Food prices, meanwhile, rose 5.1 percent between April 2007 and April 2008, according to the Bureau of Labor Statistics. It was the largest one-year jump in decades.
According to the CBO, ethanol pushed food prices up enough that consumers spent 50 cents to 80 cents more for each $100 of groceries. The effect on corn prices has been much more dramatic, accounting for some 20 to 40 percent of the increase, several studies say.
A government mandate for more ethanol will see annual consumption hit 15 billion gallons by 2015, and 36 billion gallons of both corn-based ethanol and cellulosic ethanol -- made from grasses and other fast-growing plants -- by 2022 if technology allows it. Ethanol mandates cost $3 billion in 2007, money given to fuel blenders who get a tax credit of 45 cents a gallon.
Although federal mandates call for more ethanol, support for the industry could be fading. A blunt report last month from the Minnesota Legislative Auditor said it's time to stop subsidizing the industry. Taxpayer funds went to ethanol plants even as they made large profits, the report said, adding that the payments would have little effect on future ethanol production.

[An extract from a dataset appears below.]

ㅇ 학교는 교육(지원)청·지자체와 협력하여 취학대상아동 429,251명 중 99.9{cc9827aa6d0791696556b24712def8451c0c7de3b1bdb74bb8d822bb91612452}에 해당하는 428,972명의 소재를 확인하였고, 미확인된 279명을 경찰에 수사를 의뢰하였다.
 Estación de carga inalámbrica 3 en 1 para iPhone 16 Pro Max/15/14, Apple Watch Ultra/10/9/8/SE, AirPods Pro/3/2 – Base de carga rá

The report concluded that corn ethanol plants should be cut off from the state's "producer payment" program, and the money redirected to programs that cut more greenhouse gas emissions or reliance on fossil fuels.

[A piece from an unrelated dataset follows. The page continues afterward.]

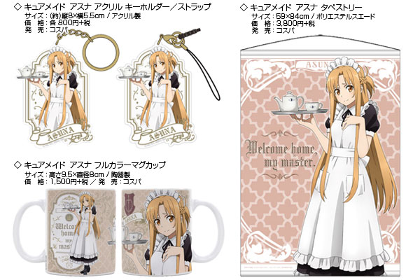 また、描きおろしのキュアメイドカフェ制服を着たメイド姿の“アスナ”をいつでも楽しめる「アクリルキーホルダー/ストラップ」「フルカラーマグカップ」「タペストリー」も店内にて先行販売致します。いち早く手に入れられるこの機会をどうぞお見逃しなく。
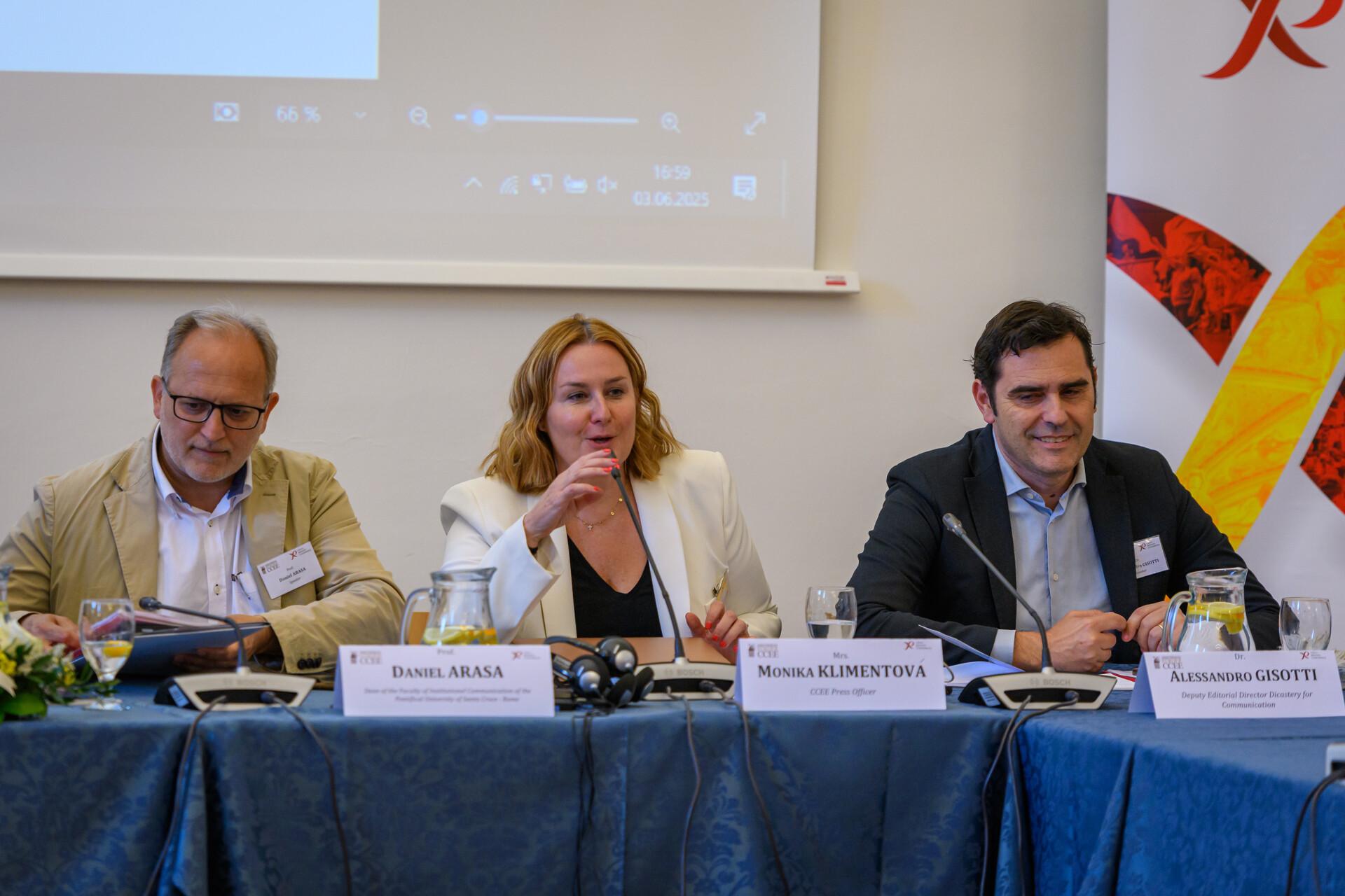 V sále kardinála Berana v Arcibiskupskom paláci zaznela úvodná prednáška na tému „Služba cirkevných komunikátorov pre cirkev v súčasnom kontexte“, ktorú predniesol Dr. Daniel Arasa, dekan Fakulty sociálnych inštitucionálnych komunikácií Pápežskej univerzity Svätého kríža v Ríme. Nasledovala podnetná diskusia.

Sale of the state's 10 percent ethanol blend in gasoline raised some $59 million in state excise taxes last year, because drivers in Minnesota burned 2.6 billion gallons of fuel and paid excise taxes of 20 to 25 cents on every gallon. But a calculation of ethanol's contribution to state tax collections at the pump would factor in the lower energy in a gallon of E10 compared with straight gasoline. E10 requires drivers to buy perhaps 2 percent to 3.5 percent more fuel to drive the same distance, according to a state agriculture official. At that rate, retailers sold up to 52 million extra gallons of fuel last year, enough to swell state tax coffers by some $11 million.

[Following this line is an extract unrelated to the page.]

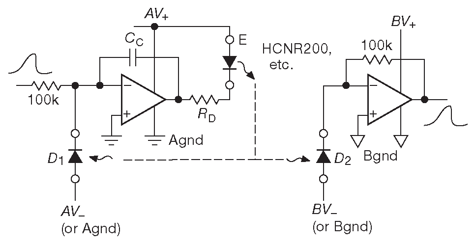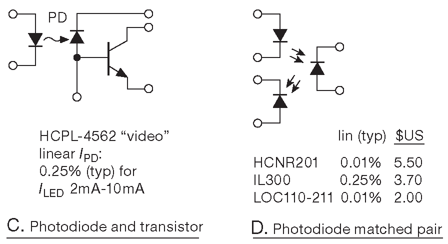 Есть небольшая группа «видео изоляторов», которые эксплуатируют естественную линейную зависимость яркости светодиода от прямого тока ( исключая начальный участок характеристики ) и хорошую линейность выхода фотодиода от освещённости. На рис. 12.88C показан пример, для которого заявляется полоса 17 MHz при использовании схемной конфигурации 12.89 . Другим путём увеличения линейности является использование согласованной пары фотодиодов с общим светодиодом. Один из фотодиодов используется для замыкания обратной связи на передающей стороне ( рис. 12.90 ). Фотодиод на другой стороне барьера будет линеен в той степени, в которой согласована пара. Компоненты, перечисленные на рис. 12.88D , достигают в такой конфигурации линейности 0.01% .

Ron Fagen, the contractor who built more ethanol plants than any other as CEO of Fagen Inc., in Granite Falls, said the industry still has a promising future. There's potential for more flex-fuel vehicles on the road, he said. And if the U.S. Environmental Protection Agency (EPA) allows 15 percent ethanol blended into gasoline, it'd immediately add billions of gallons of ethanol to the nation's demand. Minnesota will push the ethanol blend to 20 percent by 2013, pending EPA approvals.
Meantime, Fagen said he's building power plants that use natural gas, turkey manure, chicken manure and biomass as fuel sources. He's also contracted to build the largest biomass plant in the nation, a 100 megawatt wood-fueled plant in Texas.
"Corn ethanol plants will probably take a break for two to three years in order to get the market to straighten out or whatever," Fagen said. "Ethanol is the only thing that can replace gasoline today."